East Coast New Pickles

My son was bewildered by the cucumber “pickles” he was served all through his freshman year at his small college on Long Island, New York. “They aren’t sour at all,” he complained last summer. “There’s no taste of fermentation, no vinegar. I think they’re just cucumbers in salt water!”

I was puzzled, too. New Yorkers I know love to brag about their city’s traditional fermented pickles. How could a Long Island college serve unfermented cucumbers in salt water and call them pickles?

I forgot about this discussion until a few weeks later, when I got an email message from a woman named Sheila. Sheila told me about a small restaurant chain in Rhode Island, named Gregg’s, that for twenty years has served something “that’s not quite a pickle”—a cucumber that’s salty and dilly but not noticeably tart. Sheila’s husband wanted her to make some of these near-pickles, so in The Providence Journal she found a recipe, submitted by a reader, for “Taste Like Gregg’s Pickles.”

The recipe starts out like one for a small batch of traditionally brined pickles: You combine cucumbers, salt, spices, garlic, and water in a two-quart jar.
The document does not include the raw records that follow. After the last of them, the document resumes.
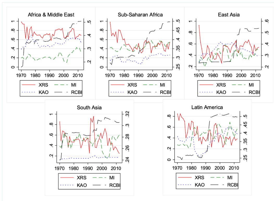
Figura No. 1. Índices de Trilemma y de Independencia del Banco Central

XRS = Estabilidad Cambiaria (izquierda), MI = Independencia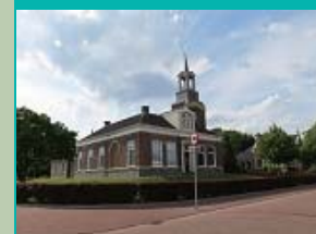
De Hoeksteenkerk, Middelstum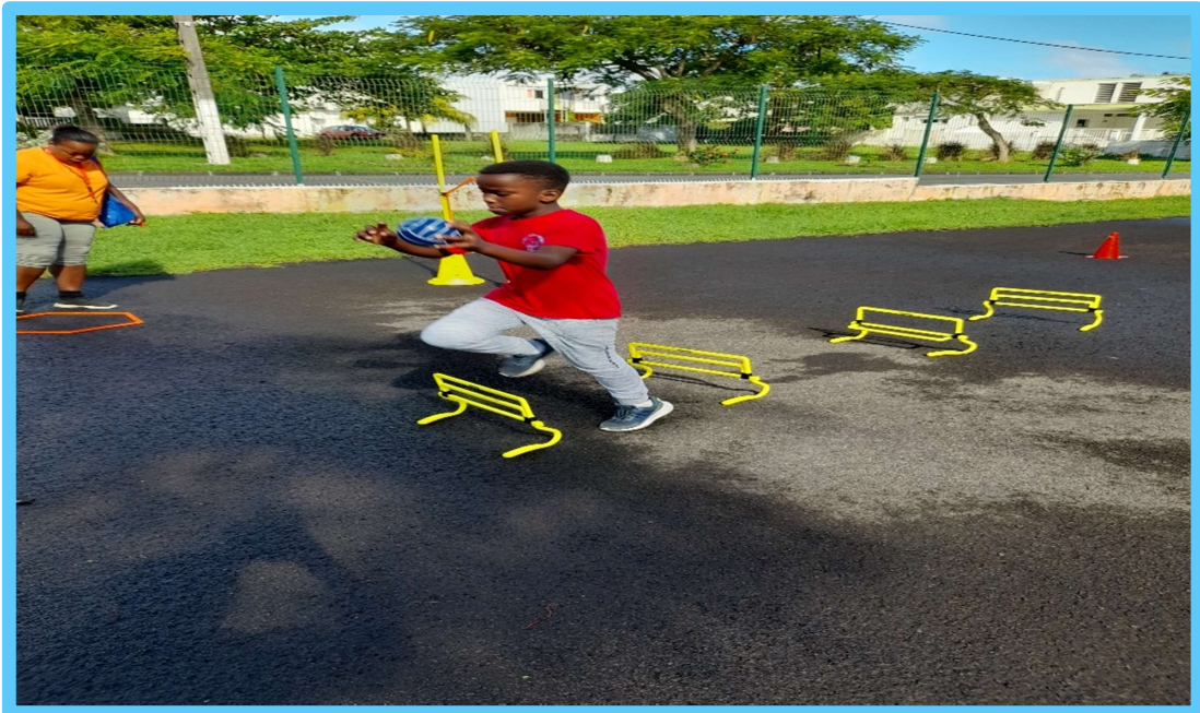
Un jeune athlète en plein effort !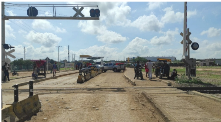
La Sentencia T-302 del 2017, lleva más de seis años de incumplimiento, por lo que la alerta debió activarse hace rato.

torio, sino que hay que mirarlos como una triste realidad de muchas familias con hambre y necesidades básicas insatisfechas que viven en condiciones extremas de pobreza, sin ingresos y lo peor, en el olvido total por parte del Estado colombiano y en especial de los llamados a ser primeros dolientes, como lo son los alcaldes y mandatarios de turnos en el territorio.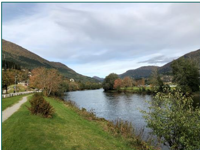
Elvekanten ved Førdehuset mot Angedalen

På Vie er det forslag om utbetring av krysset ved Viebrua, vegen som går til Vieåsen og vidare inn på Vie. Det er gode intensjonar, men samanlikna med ein del av dei andre forslaga får denne låg prioritering.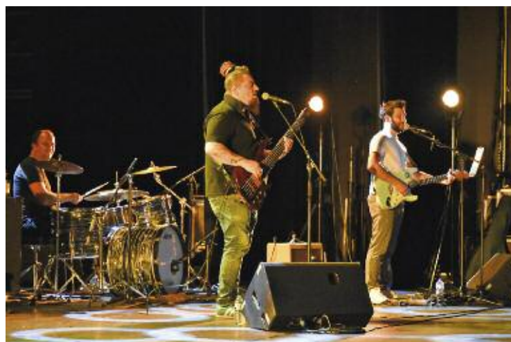
Le groupe "The Bend" a animé la soirée marquant les 20 ans de l'Espace Culturel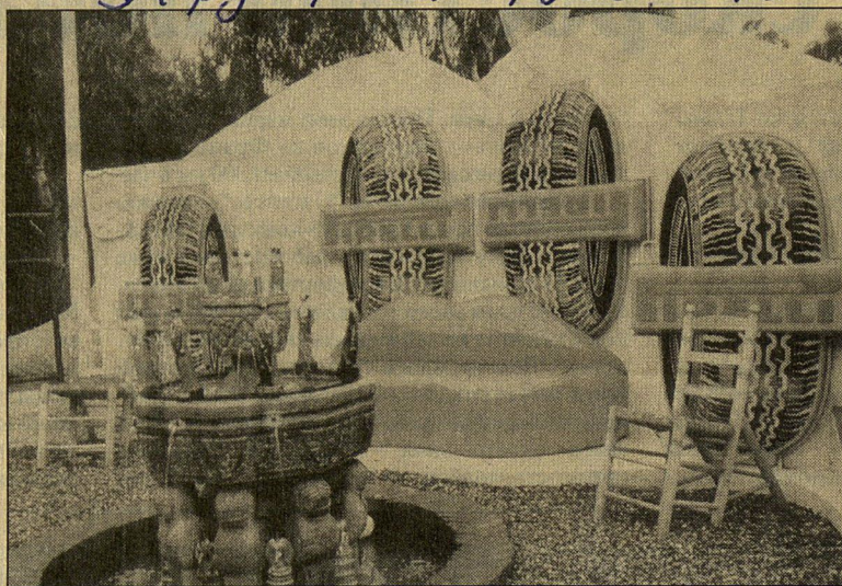
Экстравагантный двор в доме Дали в Порт Лигате — знаменитый диван с губами актрисы Мэй Уэст.

Пепе Жиро, работавший у Дали электромонтером, не растается с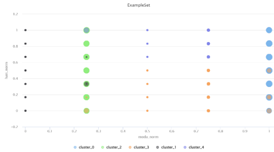
Gambar 10. Visualisasi Scatter Plot

Visualisasi pada Gambar 10 merupakan hasil scatter plot dari proses klusterisasi dengan enam kluster menggunakan algoritma K-Means . Grafik ini memetakan data berdasarkan variabel moda_norm pada sumbu X dan hari_norm pada sumbu Y, dengan warna yang membedakan tiap kluster dan ukuran titik mewakili jumlah penumpang.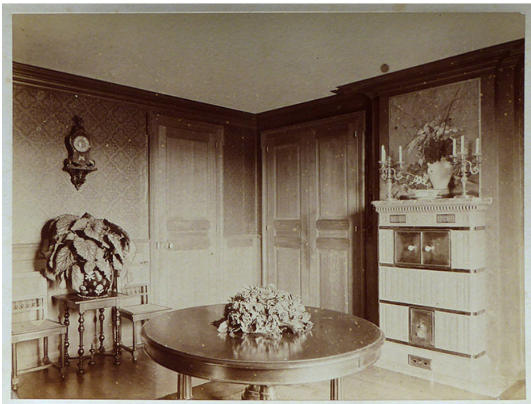
Le pavillon. Photographie de Gaston de Landreville dit Vedastus représentant l'intérieur du pavillon. 70, Corre, 21 rue Pierre Billecard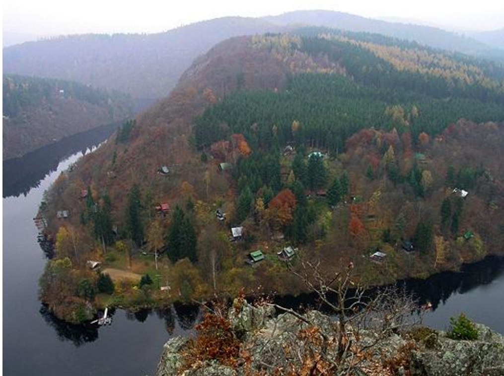
Dnešní pohled na Ztracenku z vyhlídky.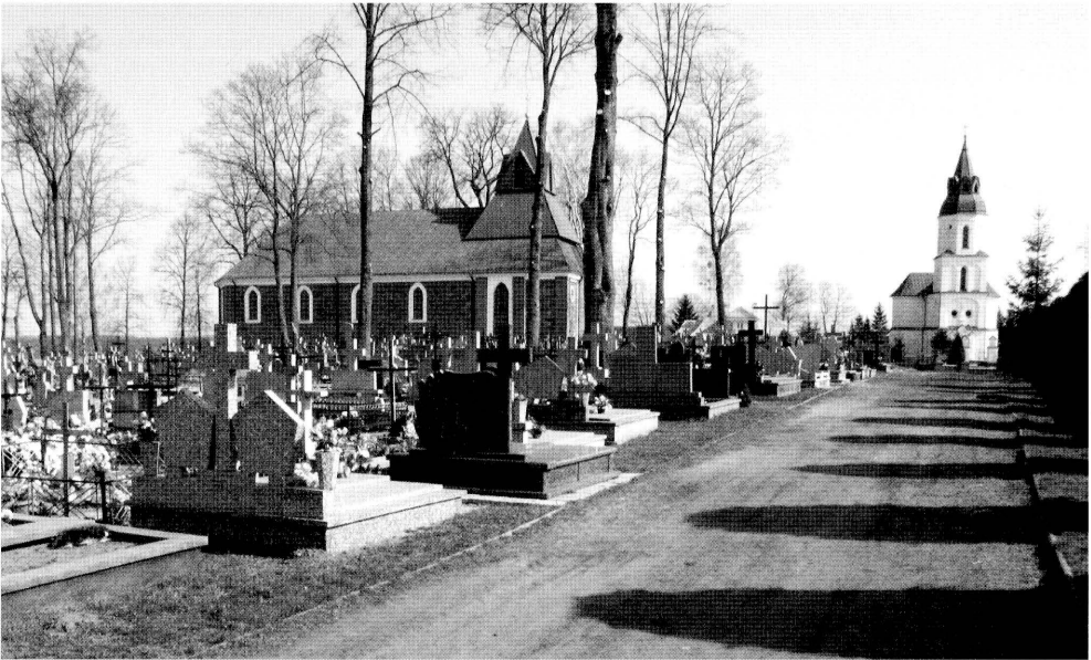
13. Kościół pw. św. Rocha i kościół pozakonny w Krasnymborze (w zbiorach ROBiDZ Białystok). Church of St. Roch and the former monastic church in Krasnybór (in the collections of ROBiDZ in Białystok)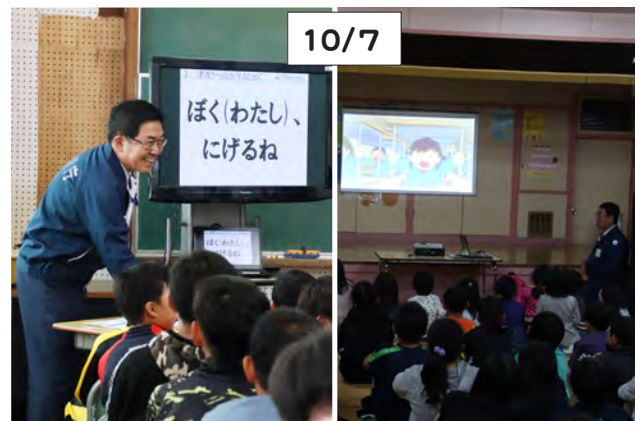
気象台職員が庶野小(左)と庶野保育所(右)で津波のお話

庶野小で、一日防災地域学校が行われ、児童と地域住民も参加し、防災に対する意識を高めました。庶野小では、室蘭気象台の職員が講師となり、東日本大震災の映像から、地震と津波の備えや行動について学びました。その後、地震発生による津波を想定し、校舎内から高台にある庶野保育所まで避難訓練。保育所では園児と、避難行動を学ぶDVDを観た後、駐車場で消防車両と給電車を見学しました。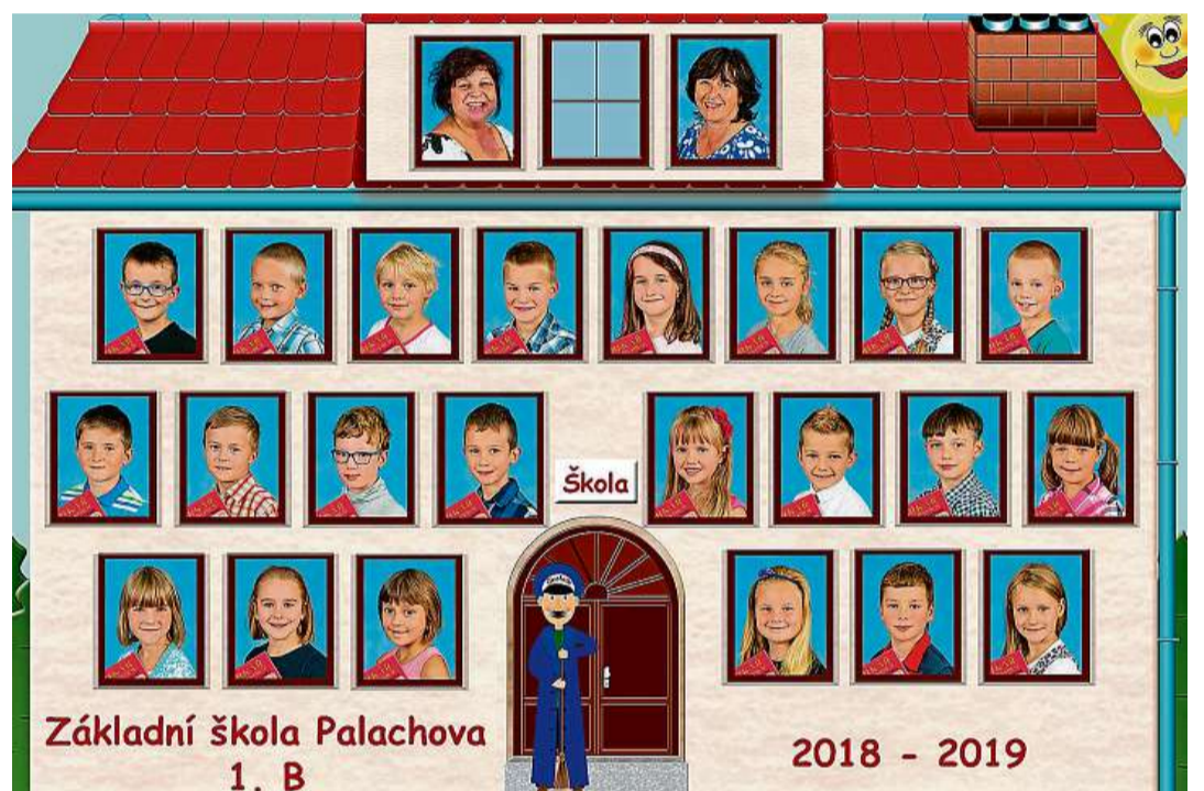
ZŠ Žďár nad Sázavou, Palachova 2189/35, přísp. org.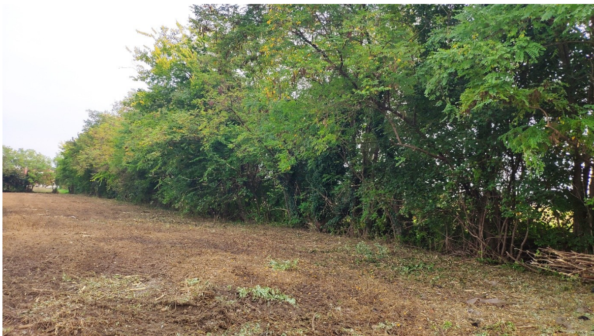
Vista ravvicinata della siepe di Robinia centrale all'ambito

L'area confina a nord con via Francia. Trattasi di ambito pianeggiante, inserito ai margini di un'area in trasformazione insediativa. La porzione Ovest dell'ambito è attualmente incolta, quella Est è invece coltivata a seminativo. Centralmente all'ambito è presente una siepe a prevalenza di robinia ( Robinia pseudoacacia ) che prosegue verso Nord, oltre il limite dell'area in progetto.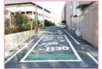
スクールゾーンの路面表示

目標 交通安全ワークブックの配布 区内を学区とする小学1年生 路面表示等の実施 区内の小学校4校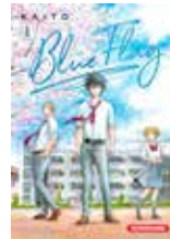
Blue flag KAITO (Kurokawa)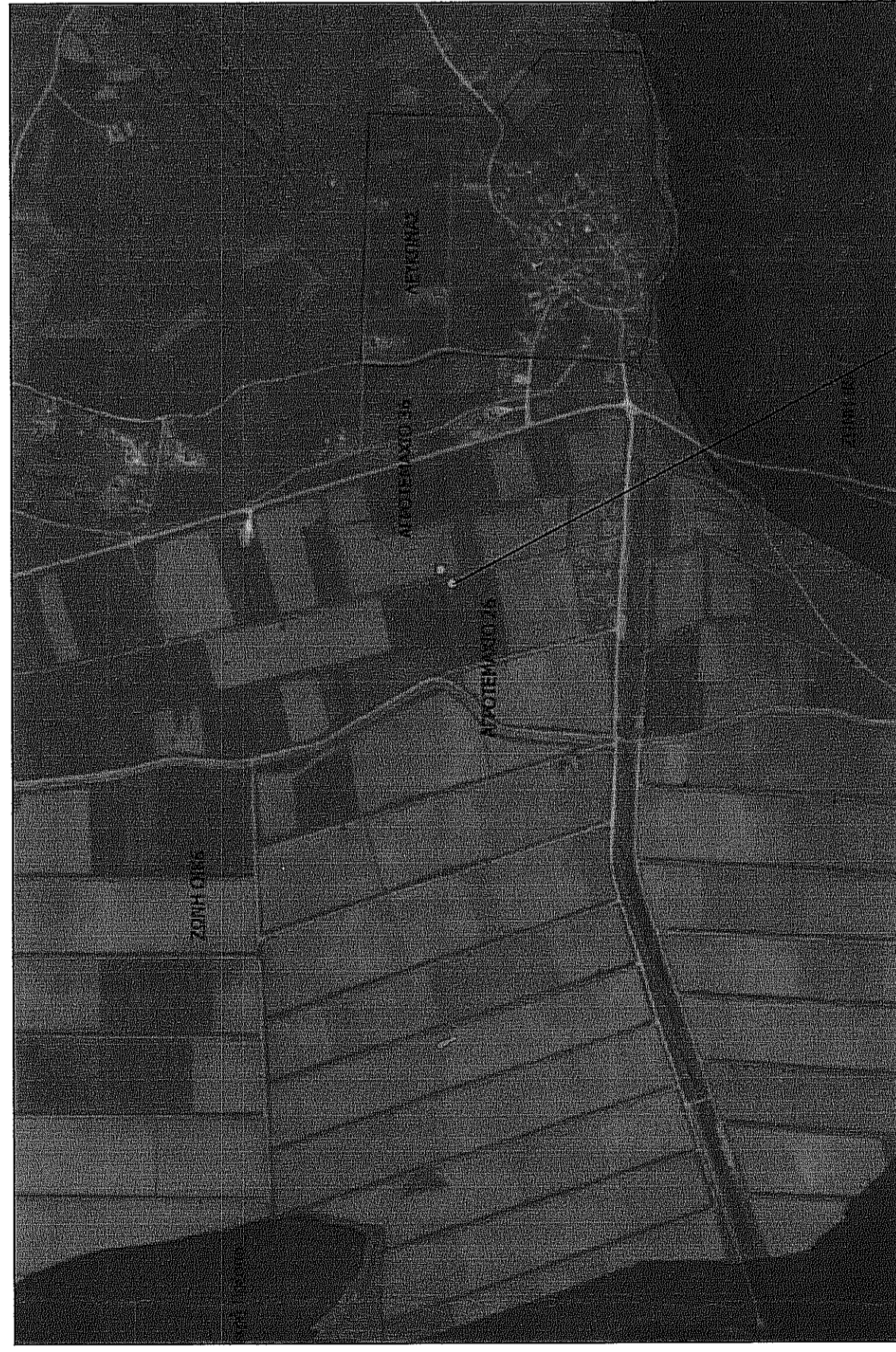
Χάρτης προοπτικός Ζώνης του τεμαχίου βάσει ΚΥΑ του Εθν. Πάρκου Πρασίνων (28651/ΦΕΚ 302Δ/23-7-2009) (χωρίς κλίμακα) Θέση τεμαχίου στην ΟΙΚ6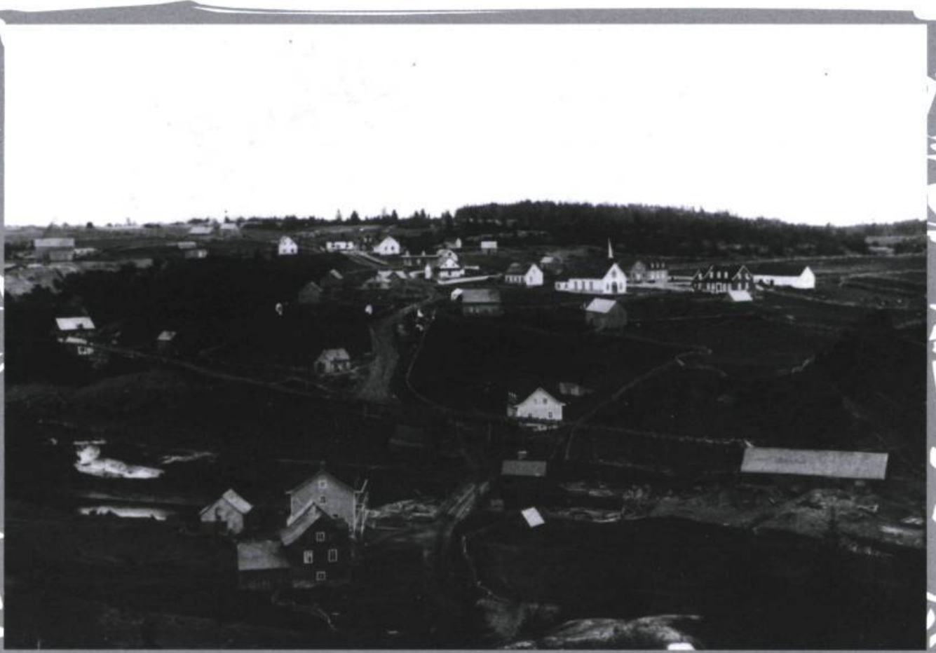
Partie nord de la Baie des Escoumins représentant le moulin, la maison du gérant, le magasin et quelques maisons des ouvriers.

tions forestières et agricoles qui allaient modeler, pour de bon, le profil d'occupation de ce territoire.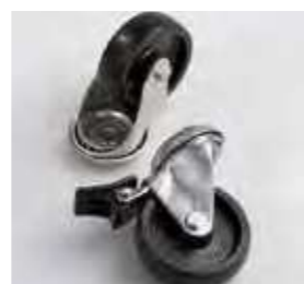
Equipado com rodas.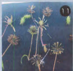
⑧ くつつき虫集め!(コセンダングサ、アメリカセンダングサ、オオオナモミ)

But then you leave the jar out at room temperature for only an hour before refrigerating it for a week. At the end of the week the cucumbers aren’t fermented, but they’re ready to eat.

Ready to eat?  Could they be pickled at all, after just a week in the fridge?

Gregg’s wouldn’t talk about its recipe, so I consulted Mike, the sales guy at Pickle Guys, a business started by former employees of the famous Guss’ Pickles when, in 2002, Guss’ left its old site on Essex Street, on the once mostly Jewish Lower East Side of Manhattan. Pickle Guys—which makes truly kosher pickles, under the supervision of a rabbi—sells a product like Gregg’s, Mike said, as “new pickles.” Mike explained that new pickles “are pretty much the least pickled, more like a salty cucumber, pickled anywhere from one to ten days. After that they will become a half-sour pickle.” Pickle Guys sells a lot of new pickles, some of them heavily seasoned with chile.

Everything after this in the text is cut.